__Work task__.
The material below holds pictures, which are to be left out; copy exactly the lines from the one with "Size & Material: 3/4" through the one with "Como creo que".

Start of Exercise input

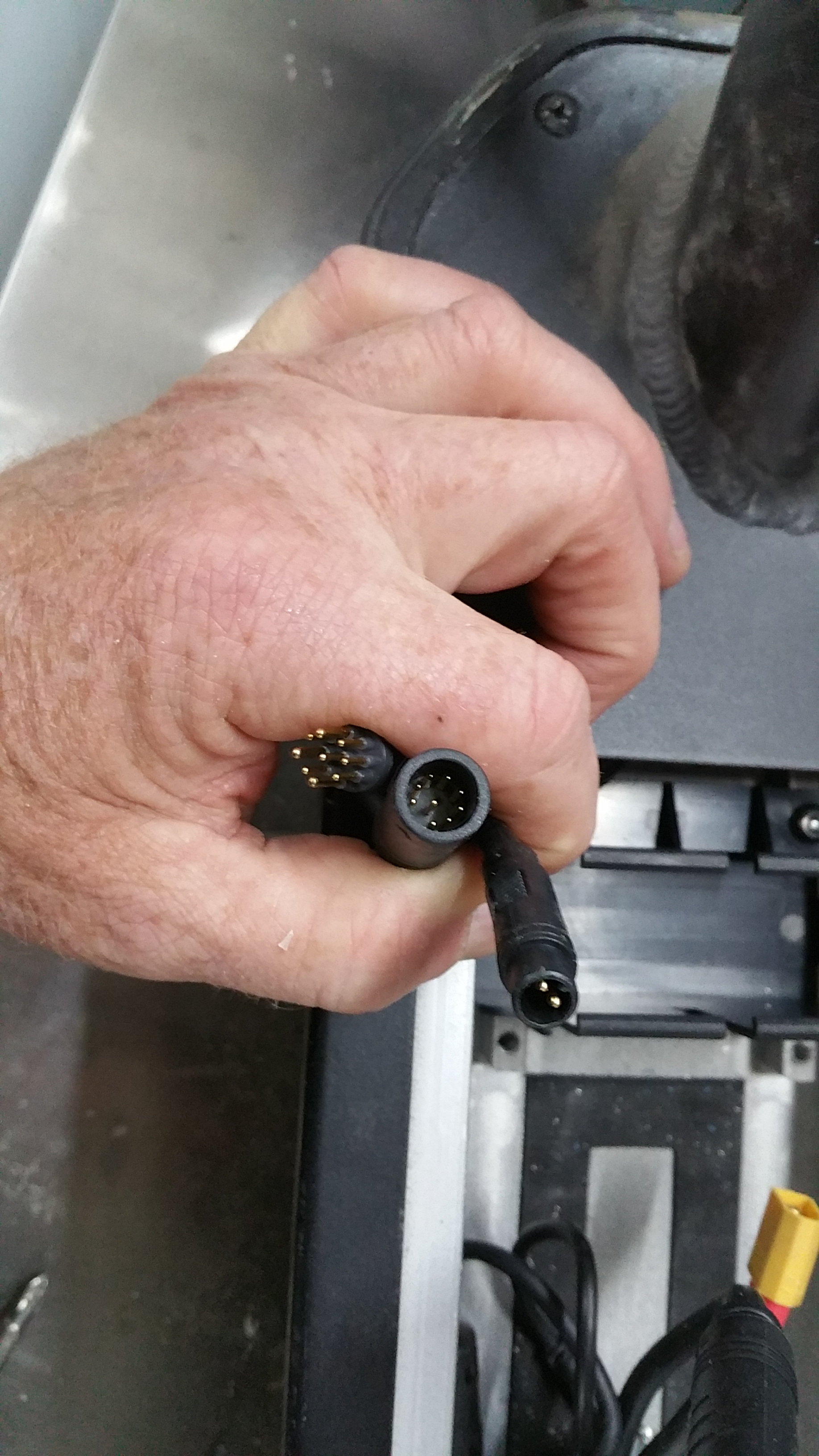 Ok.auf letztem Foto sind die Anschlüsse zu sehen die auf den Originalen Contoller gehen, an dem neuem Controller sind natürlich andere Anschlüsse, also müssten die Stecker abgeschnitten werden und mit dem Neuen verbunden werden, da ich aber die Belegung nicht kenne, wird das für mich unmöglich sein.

End of Exercise input
Start of Exercise input

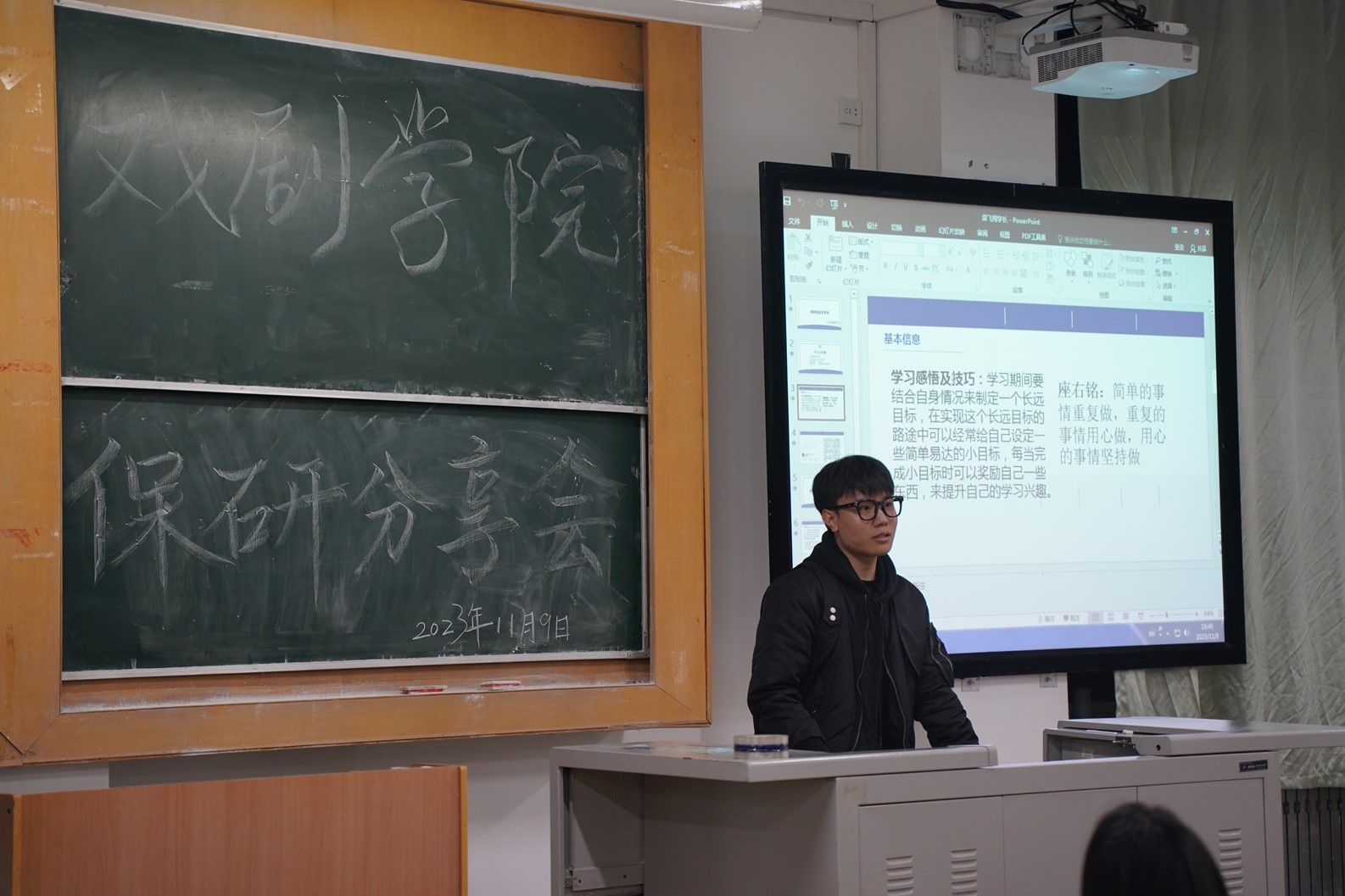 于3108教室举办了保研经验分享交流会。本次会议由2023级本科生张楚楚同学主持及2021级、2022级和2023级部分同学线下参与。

End of Exercise input
Start of Exercise input

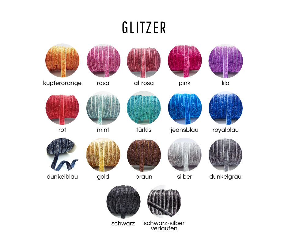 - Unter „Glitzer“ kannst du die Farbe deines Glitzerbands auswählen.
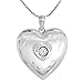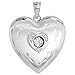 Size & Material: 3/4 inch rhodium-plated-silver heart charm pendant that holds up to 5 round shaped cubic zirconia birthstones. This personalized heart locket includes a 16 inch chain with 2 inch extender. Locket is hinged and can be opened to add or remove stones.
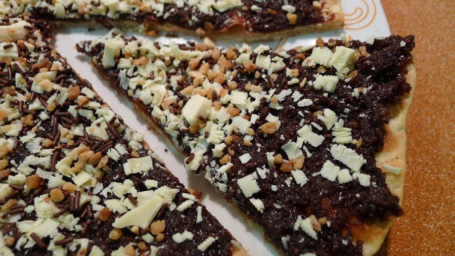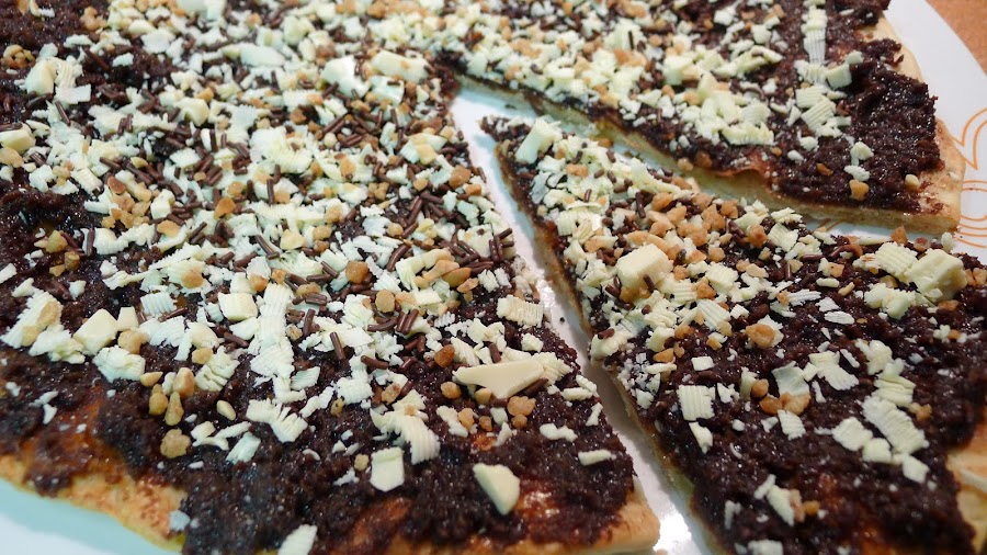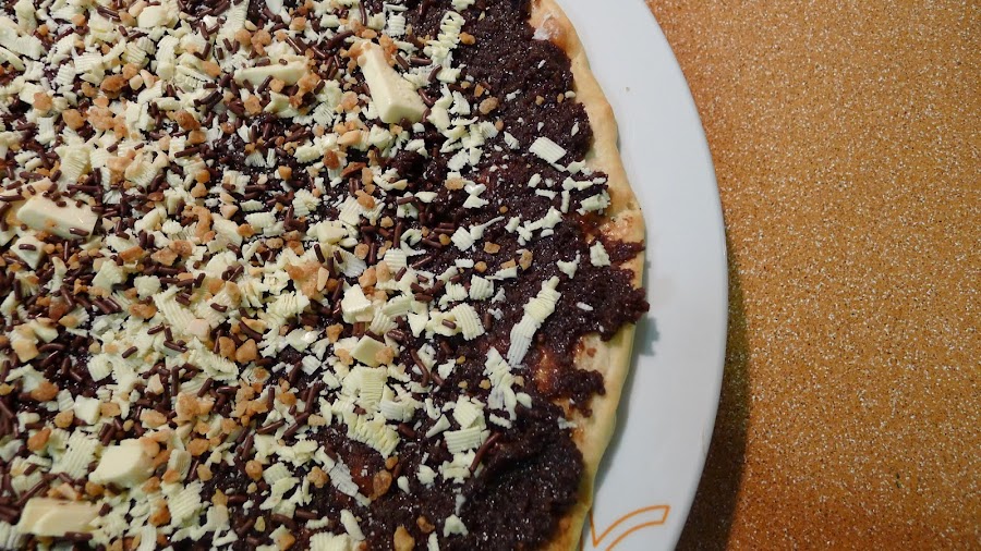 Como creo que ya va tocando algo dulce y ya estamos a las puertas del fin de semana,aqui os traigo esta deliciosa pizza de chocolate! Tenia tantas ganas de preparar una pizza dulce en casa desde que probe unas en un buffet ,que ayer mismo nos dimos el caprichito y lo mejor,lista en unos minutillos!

End of Exercise input

__Your solution__.
 Size & Material: 3/4 inch rhodium-plated-silver heart charm pendant that holds up to 5 round shaped cubic zirconia birthstones. This personalized heart locket includes a 16 inch chain with 2 inch extender. Locket is hinged and can be opened to add or remove stones.
 Como creo que ya va tocando algo dulce y ya estamos a las puertas del fin de semana,aqui os traigo esta deliciosa pizza de chocolate! Tenia tantas ganas de preparar una pizza dulce en casa desde que probe unas en un buffet ,que ayer mismo nos dimos el caprichito y lo mejor,lista en unos minutillos!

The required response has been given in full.